NYT Magazine: After Life - New York Times (Joan Didion)The essay does not discuss what happened to Quintana. Unfortunately, Google tells us. Per Wikipedia: "[Quintana] Michaels died of complications from acute pancreatitis on August 26, 2005, in New York City at age 39." About 20 months after her sepsis admission. I wonder if she ever went home.
Nine months and five days ago, at approximately 9 o'clock on the evening of December 30, 2003, my husband, John Gregory Dunne, appeared to (or did) experience, at the table where he and I had just sat down to dinner in the living room of our apartment in New York, a sudden massive coronary event that caused his death. Our only child, Quintana, then 37, had been for the previous five nights unconscious in an intensive-care unit at Beth Israel Medical Center's Singer Division, at that time a hospital on East End Avenue (it closed in August 2004), more commonly known as 'Beth Israel North' or 'the old Doctors' Hospital,' where what had seemed a case of December flu sufficiently severe to take her to an emergency room on Christmas morning had exploded into pneumonia and septic shock. This is my attempt to make sense of the period that followed, weeks and then months that cut loose any fixed idea I had ever had about death, about illness, about probability and luck, about good fortune and bad, about marriage and children and memory, about grief, about the ways in which people do and do not deal with the fact that life ends, about the shallowness of sanity, about life itself....

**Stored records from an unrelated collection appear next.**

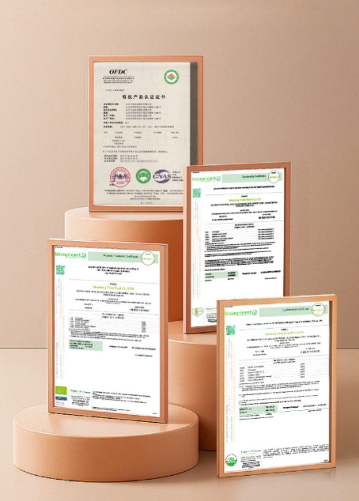 应物有机生产工厂通过了HACCP管理体系认证、HALAL认证、IFS国际食品标准认证、BRC认证、ERC认证及绿色食品认证等多项国内国际注册认证,以及IS022000、IS09000、IS015000、IS045000等多项食品安全管理体系认证。
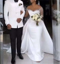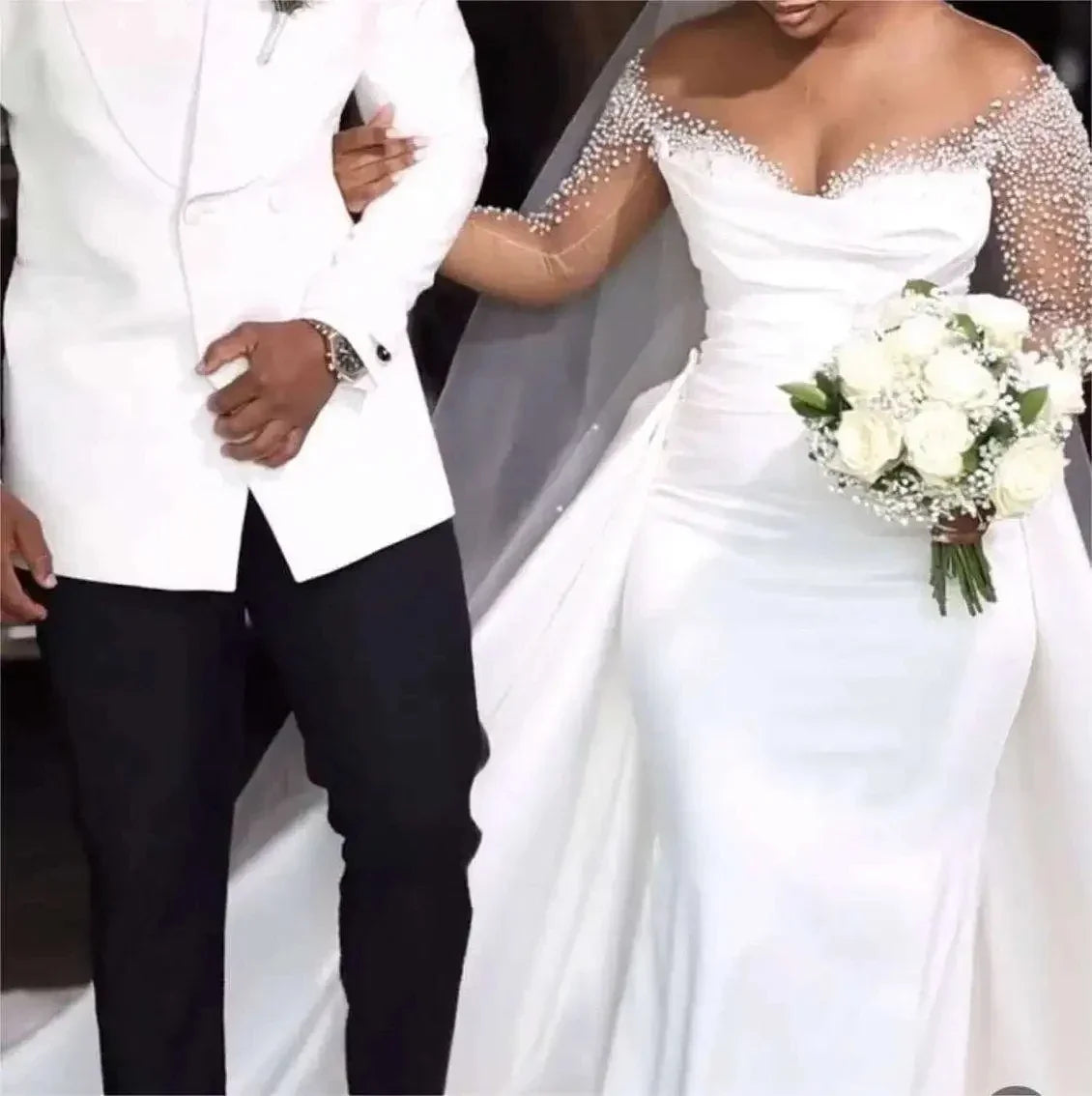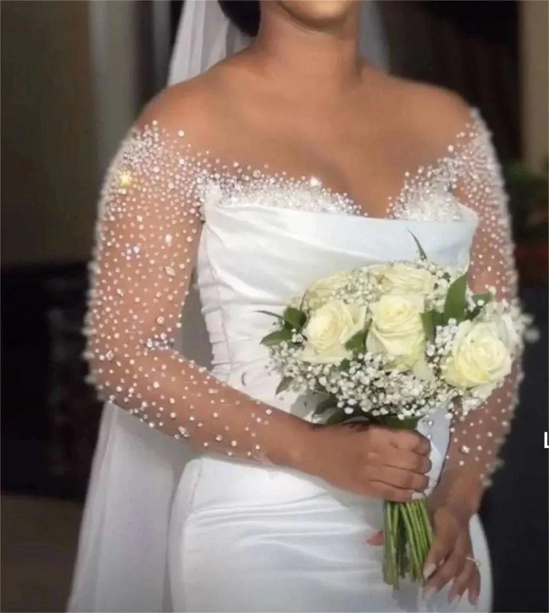 Customized African Wedding Dress Detachable Train Sheer Neck Long Sleeves Handwork Beads Satin Bride Gowns vestidos de novia
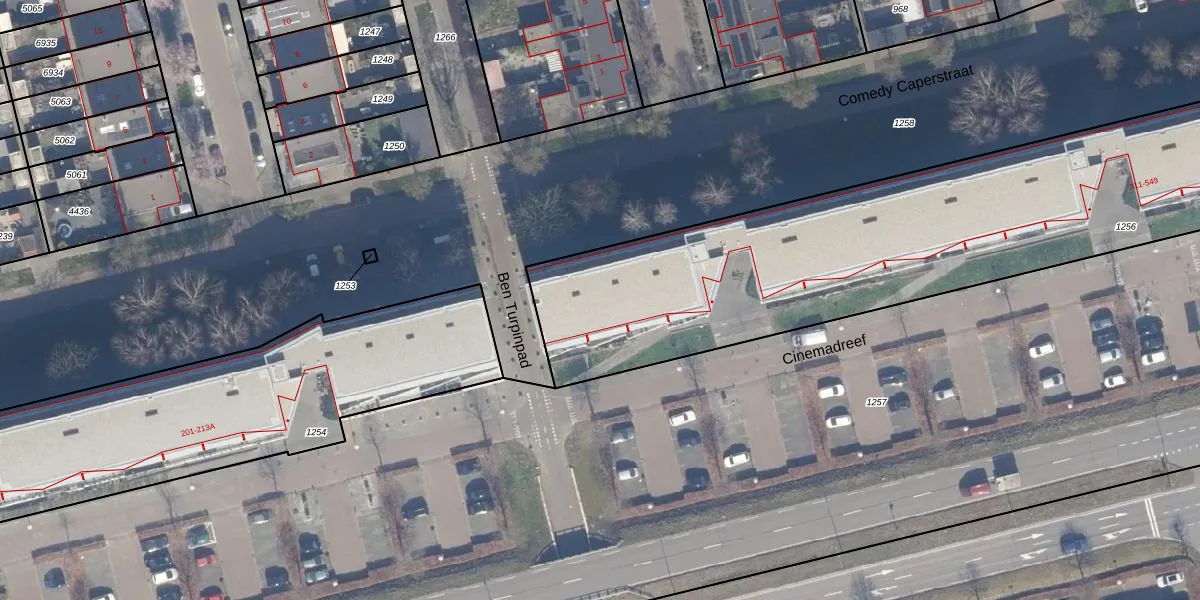 Het perceel waarop Cinemadreef 313 staat heeft een oppervlakte van 4455 m². Dit is een zeer groot perceel. De perceeloppervlakte wordt geregistreerd door het Kadaster. Gedetailleerde informatie over de maten van dit perceel kunt u vinden in het rapport Kadastrale kaart met maatvoering van Cinemadreef 313.
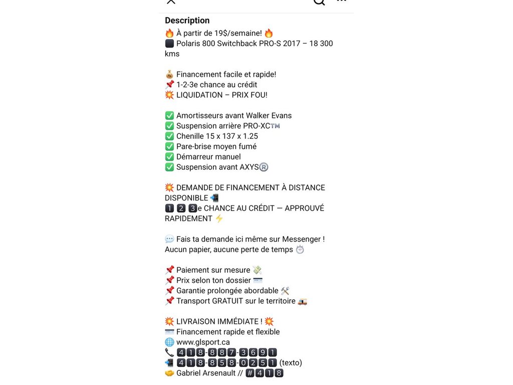 Polaris 800 Switchback PRO-S 2017 Financement facile et rapide! Très bas taux d'intérêt! Amortisseurs avant Walker Evans Suspension arrière PRO-XC™ Chenille 15 x 137 x 1.25 Pare-brise moyen fumé Démarreur manuel Suspension avant AXYS® Livraison Gratuite, Rapide et Courtoise Partout dans la Grande Région de Chaudière-Appalaches !!! 1ère - 2e - 3e chance au crédit, chez GL Sport, faut que ça se règle !! Financement Disponible Sur Place, Par Téléphone et Directement Sur Notre Site Internet Garantie Prolongée disponible : 24, 36, 48 et 60 mois !! Pour plus d'infos : Gabriel Arsenault, poste 418 ou Alexandre Gobeil, poste 413 au 418-478-4240 GL SPORT 94 rue principale, Saint-Gervais Sortie 337 de l'autoroute 20 Le plus grand inventaire sur la Rive-Sud de Québec ! Dépositaire des marques : Polaris, Yamaha, CFMoto, Piaggio et Vespa. Mots clés : VTT, Côte à Côte, Moto, Scooter, Cyclomoteur, Motoneige, Ski-Doo---- Polaris 800 Switchback PRO-S 2017 Financement facile et rapide! Très bas taux d'intérêt! Amortisseurs avant Walker Evans Suspension arrière PRO-XC™ Chenille 15 x 137 x 1.25 Pare-brise moyen fumé Démarreur manuel Suspension avant AXYS® Livraison Gratuite, Rapide et Courtoise Partout dans la Grande Région de Chaudière-Appalaches !!! 1ère - 2e - 3e chance au crédit, chez GL Sport, faut que ça se règle !! Financement Disponible Sur Place, Par Téléphone et Directement Sur Notre Site Internet Garantie Prolongée disponible : 24, 36, 48 et 60 mois !! Pour plus d'infos : Gabriel Arsenault, poste 418 ou Alexandre Gobeil, poste 413 au 418-478-4240 GL SPORT 94 rue principale, Saint-Gervais Sortie 337 de l'autoroute 20 Le plus grand inventaire sur la Rive-Sud de Québec ! Dépositaire des marques : Polaris, Yamaha, CFMoto, Piaggio et Vespa. Mots clés : VTT, Côte à Côte, Moto, Scooter, Cyclomoteur, Motoneige, Ski-Doo

...Grief is different. Grief has no distance. Grief comes in waves, paroxysms, sudden apprehensions that weaken the knees and blind the eyes and obliterate the dailiness of life. Virtually everyone who has ever experienced grief mentions this phenomenon of "waves." Erich Lindemann, who was chief of psychiatry at Massachusetts General Hospital in the 1940's and interviewed many family members of those killed in the 1942 Cocoanut Grove fire, defined the phenomenon with absolute specificity in a famous 1944 study: "sensations of somatic distress occurring in waves lasting from 20 minutes to an hour at a time, a feeling of tightness in the throat, choking with shortness of breath, need for sighing and an empty feeling in the abdomen, lack of muscular power and an intense subjective distress described as tension or mental pain.
There's an old expression that goes something like "count no man fortunate before his death". It is a truism in psychology that pessimists make more accurate judgments about life and control. Perhaps there are no optimists and pessimists -- but rather the more and the less delusional ...
For what it's worth, I have for some years paused at various times, and thought "this is the blessed moment, it will be forever as it is now, safe in the past".